Oldest Free African American Settlement Discovered
by Melissa Montoya
Predating the free African American Settlement at the Treme neighborhood in New Orleans by about 20 years, a site in Easton Maryland has been tentatively dated to 1790. Excavated by researchers from the University of Maryland and Morgan State, the settlement is possibly the oldest free African American settlement in the country. Available evidence indicates that just over 400 free African Americans lived there by 1790.
Large Alaska Village Found To Be Precontact.
by Tamara Stewart
Brown University researchers are excavting a large village in northwestern Alaska that turns out to have been occupied from the late 1700s to the early 1800s. The village in the Kobuk Valley National Park is among the largest yet discovered in the arctic and contains dwellings larger than those found in other villages in the area. It may have contained around 200 people and have served as a regional capital. A local elder told researchers that the village was known as a place of strong shamanism and skillful people.

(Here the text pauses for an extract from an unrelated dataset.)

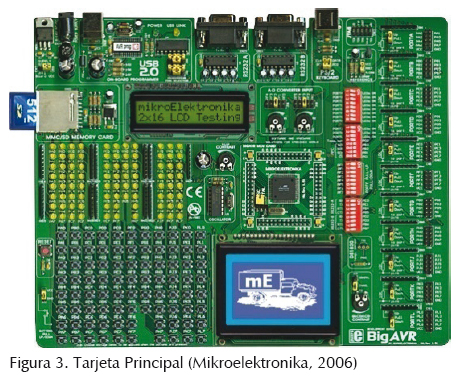 Este módulo se realiza utilizando la tarjeta BigAVR (figura 3), que está compuesta por un microcontrolador de alta gama Atmega 128 de Atmel. Esta tarjeta se escogió para el desarrollo del proyecto, debido a la gran escabilidad y versatilidad que presenta con otros sistemas (Mikroelektronika, 2006).

Oldest Cave Art in North America Discovered
by Melissa Montoya
Researchers led by University of Tennessee archaeologist Jan Simek have found a pictograph dating nearly 6,000 years ago in a cave in Tennessee. It is part of a landscape of rock art that the researchers believe to reflect religious ideas. The researchers consider it and other sites in the mult-istate Cumberland Plateau to be part of an enormous diagram of their cosmos mapping the prehistoric people's spiritual belief system onto the physical world. Open air sites representing the celestial world are stacked above cave art sites representing the underworld.
Rare Boat Effigy Found
by Melissa Montoya
The Navy periodically performs archaeological surveys of San Clemente Island, which has middens, artifacts and relics of the Gabrielino {Tongva} who inhabited the island in prehistoric times {possibly dating back 10,000 years ago}. The effigy is believed to be a representation of the plank-sewn canoes used for ocean travel, trade and fishing {and which are the source of some unrelated controversies concerning their origin.}
Information in curly brackets is not from the article.
Earliest European Settlement in Interior US found
by Tamara Stewart
Fort San Juan was built by Spanish Captain Juan Pardo in North Carolina in 1566. Built in the Native American town of Joara, this was the earliest European settlement in the interior. Though researchers have known the location of the Spanish soldiers' houses for years, they have only now discovered evidence of fortifications, confirming that this was in fact Fort San Juan.